You Chenyu, Min Yifei, Dai Weicheng, Sekhon Jasjeet S, Staib Lawrence, Duncan James S
Yale University.
Proc IEEE Comput Soc Conf Comput Vis Pattern Recognit. 2024 Jun;2024:26140-26150. doi: 10.1109/cvpr52733.2024.02470. Epub 2024 Sep 16.
Fine-tuning pre-trained vision-language models, like CLIP, has yielded success on diverse downstream tasks. However, several pain points persist for this paradigm: (i) directly tuning entire pre-trained models becomes both time-intensive and computationally costly. Additionally, these tuned models tend to become highly specialized, limiting their practicality for real-world deployment; (ii) recent studies indicate that pre-trained vision-language classifiers may overly depend on spurious features - patterns that correlate with the target in training data, but are not related to the true labeling function; and (iii) existing studies on mitigating the reliance on spurious features, largely based on the assumption that we can identify such features, does not provide definitive assurance for real-world applications. As a piloting study, this work focuses on exploring mitigating the reliance on spurious features for CLIP without using any group annotation. To this end, we systematically study the existence of spurious correlation on CLIP and CLIP+ERM. We first, following recent work on Deep Feature Reweighting (DFR), verify that last-layer retraining can greatly improve group robustness on pretrained CLIP. In view of them, we advocate a lightweight representation calibration method for fine-tuning CLIP, by first generating a calibration set using the pretrained CLIP, and then calibrating representations of samples within this set through contrastive learning, all without the need for group labels. Extensive experiments and in-depth visualizations on several benchmarks validate the effectiveness of our proposals, largely reducing reliance and significantly boosting the model generalization. Our codes will be available in here.
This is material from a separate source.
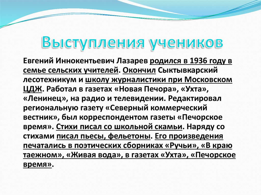 Евгений Иннокентьевич Лазарев родился в 1936 году всемье сельских учителей. Окончил Сыктывкарский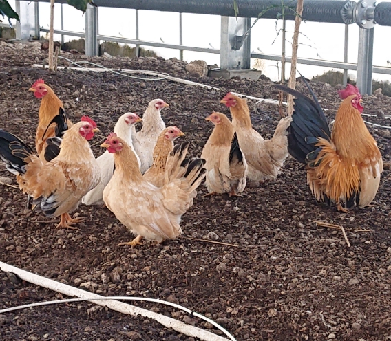 鶏(種類:ジョージョーカツラチャボ) コーヒー以外にもカカオ、パイナップルも栽培しております。右側3番目の写真の鶏(種類:ジョージョーカツラチャボ)は害虫駆除や地植えしているコーヒーの木の周辺の土を柔らかくする仕事をしております。

微调预训练的视觉语言模型,如CLIP,已在各种下游任务中取得成功。然而,这种范式仍存在几个痛点:(i)直接微调整个预训练模型既耗时又计算成本高。此外,这些微调后的模型往往变得高度专业化,限制了它们在实际部署中的实用性;(ii)最近的研究表明,预训练的视觉语言分类器可能过度依赖虚假特征——与训练数据中的目标相关但与真实标签函数无关的模式;(iii)现有的关于减轻对虚假特征依赖的研究,很大程度上基于我们可以识别此类特征的假设,并未为实际应用提供明确保证。作为一项试点研究,这项工作专注于探索在不使用任何组注释的情况下减轻CLIP对虚假特征的依赖。为此,我们系统地研究了CLIP和CLIP+ERM上虚假相关性的存在。我们首先,遵循最近关于深度特征重加权(DFR)的工作,验证最后一层再训练可以大大提高预训练CLIP上的组鲁棒性。鉴于此,我们提倡一种用于微调CLIP的轻量级表示校准方法,即首先使用预训练的CLIP生成一个校准集,然后通过对比学习在校准集内校准样本的表示,所有这些都无需组标签。在几个基准上进行的广泛实验和深入可视化验证了我们提议的有效性,大大减少了依赖并显著提高了模型的泛化能力。我们的代码将在此处提供。